#### Task details
An exact copy of the data is needed, but without any of its images.

─── Data block

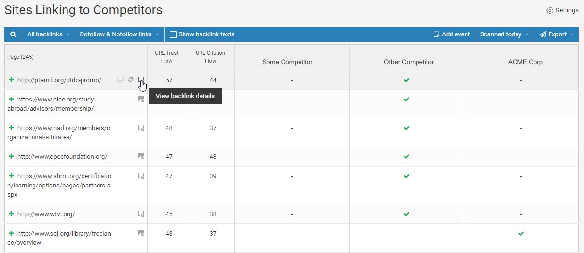 Spy on competitor backlinks
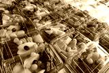 Fresh chopped and chunks tropical fruit packed in plastic box display on shelf at market stall. Convenience, healthy lifestyle eating.
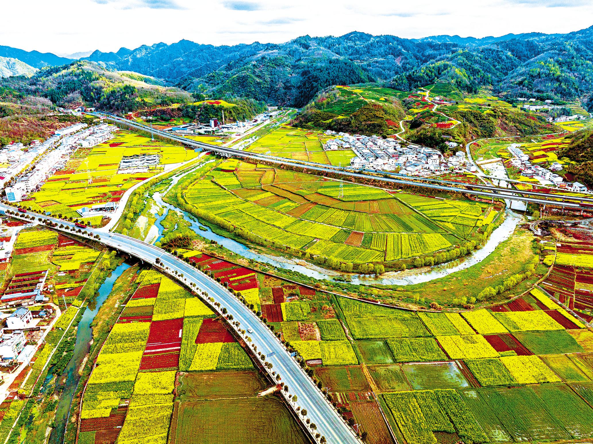 春暖花开时节,竹山县麻家渡镇一带,346国道、麻安高速、通村公路构成的交通网与田园风光相映生辉。
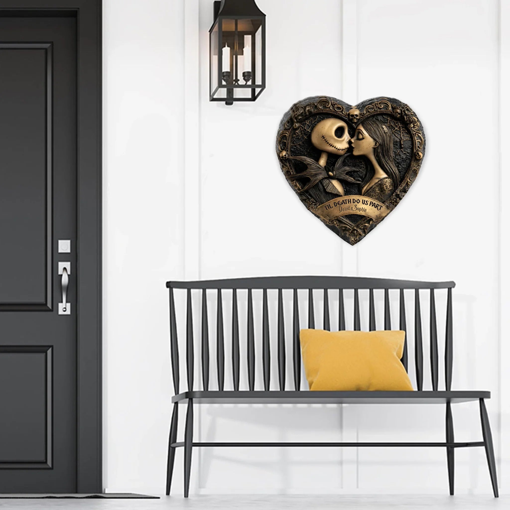 Custom Metal Sign – Couple Jack & Sally Gothic Heart Design | Personalized Couple Names | Romantic Halloween Wall Art | One-Side Printed Metal Sign | Unique Anniversary & Wedding Gift

──────

#### Solution
 Spy on competitor backlinks
 Fresh chopped and chunks tropical fruit packed in plastic box display on shelf at market stall. Convenience, healthy lifestyle eating.
 春暖花开时节,竹山县麻家渡镇一带,346国道、麻安高速、通村公路构成的交通网与田园风光相映生辉。
 Custom Metal Sign – Couple Jack & Sally Gothic Heart Design | Personalized Couple Names | Romantic Halloween Wall Art | One-Side Printed Metal Sign | Unique Anniversary & Wedding Gift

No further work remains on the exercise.